Гвидубальдо унаследовал от отца и военные дарования, и любовь к литературе. Он уже являл более культурный тип тирана, чем Федериго, который все-таки был кондотьером прежде всего. В нем спокойный облик государя рисовался яснее и бурные страсти воина не вырывались наружу, как у его отца или у старого врага Урбино Сиджисмондо Малатеста, тирана Римини. Но Гвидубальдо смолоду был болен подагрой в очень тяжелой форме, и болезнь мешала ему показать всю меру его дарований. Она не дала ему сделаться выдающимся полководцем; она парализовала его дипломатическую дальновидность, которая была так необходима в то тревожное время; она отравила ему семейные радости.
Гвидубальдо был женат на Елизавете, сестре маркиза Мантуанского Франческо Гонзага, одной из самых замечательных итальянских женщин своего времени. Были на мелких и крупных престолах Италии женщины более блестящие, чем Елизавета: Беатриче д’Эсте, жена Лодовико Моро, Ипполита Сфорца, супруга Альфонсо, герцога Калабрийского, Лукреция Борджа, герцогиня Феррарская, особенно Изабелла д’Эсте, маркиза Мантуанская, жена брата Елизаветы и ее верный друг. Но не было ни одной, вокруг кого было бы разлито чувство такого почтительного, такого благоговейного поклонения. Елизавета была хороша, хотя не принадлежала к числу прославленных красавиц своего времени, была образованна, хотя не поражала эрудицией, как многие из ее сверстниц. Ее притягательную силу составляла какая-то удивительная, пропитанная грустью мягкость, никогда не покидающая ее томная печаль. Она не была счастлива.
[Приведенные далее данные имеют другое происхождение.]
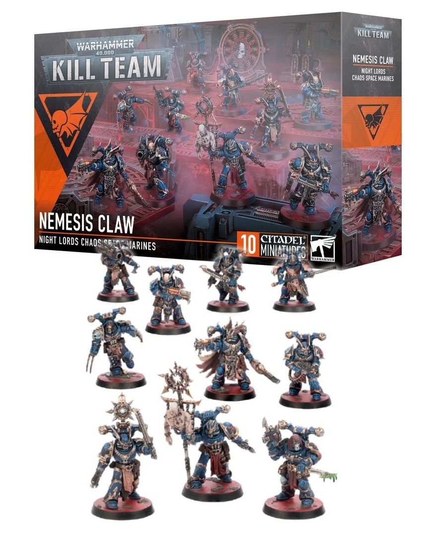 KILL TEAM: NEMESIS CLAW – NIGHT LORDS CHAOS SPACE MARINES – A Nemesis Claw is made up of the most psychotic and savage of Chaos Spaces Marines from the twisted Night Lords Legion. This multipart plastic kit allows you to build 10 Nemesis Claw Chaos Space Marines.
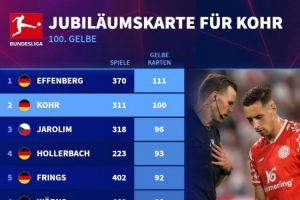 体育资讯10月7日讯 德国转会市场统计了球员在德甲联赛中吃到黄牌的数量,并列出榜单,埃芬博格111黄居首,科赫100黄次席。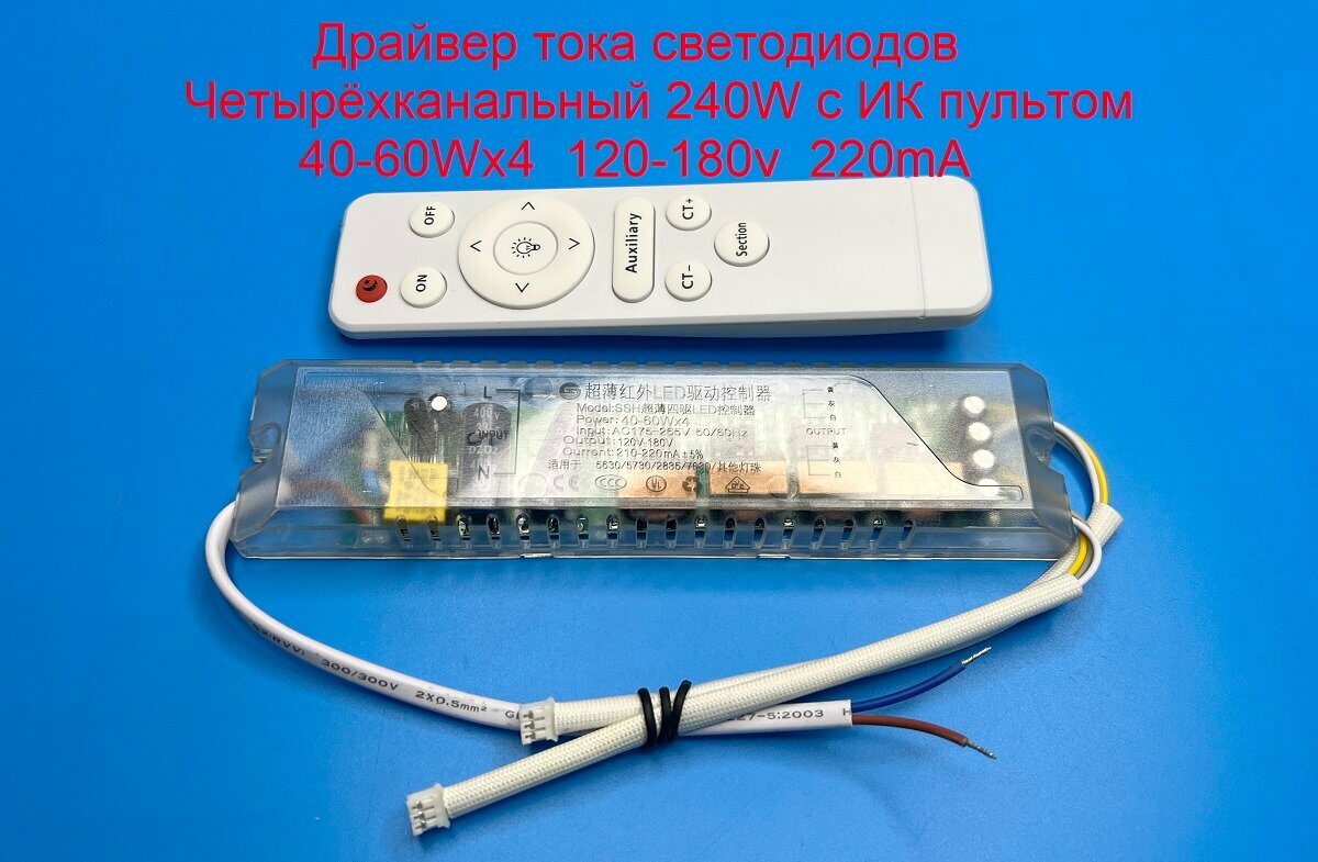 Отзывы на Драйвер тока светодиодный четырёхканальный с ИК пультом 240W (40-60)х4 120-180v 220mA

Гвидубальдо был ей мужем только в первые годы; потом она жила "с ним рядом, как вдовица"[7]. И хотя была окружена поклонниками, страстно добивавшимися ее благосклонности, осталась чиста перед мужем при жизни его и перед его памятью после его смерти. Она перенесла много горя. У нее рано умерла любимая сестра Маддалена. Потом Цезарь Борджа отнял Урбино у Гвидубальдо, и Елизавета с мужем вынуждены были два года скитаться на чужбине, прежде чем им удалось вернуть свою прекрасную вотчину. Вскоре больной герцог умер, и Елизавета стала вдовой. И хотя новый владелец Урбино, Франческо Мария делла Ровере, и его жена Леонора Гонзага, дочь Франческо и Изабеллы д’Эсте, окружали вдовствующую герцогиню величайшим вниманием и почетом, но счастья оставалось все меньше. На склоне лет Елизавете пришлось еще раз перенести изгнание: папа Лев X отнял Урбино у его герцога, чтобы подарить его своему племяннику, Лорешдо Медичи, и снова прошло несколько лет, пока явилась возможность вернуться. Эти непрерывные удары судьбы и сделали то, что Елизавета почти всегда была печальна. Только временами чувство подавленности покидало ее. Она могла быть наружно веселой, могла смеяться остротам придворных, буффонадам шута-монаха фра Серафино. Внутри всегда царила скорбь, полная изящества, одухотворенная поэзией ее мягкой души. Она вся была как нежная элегия.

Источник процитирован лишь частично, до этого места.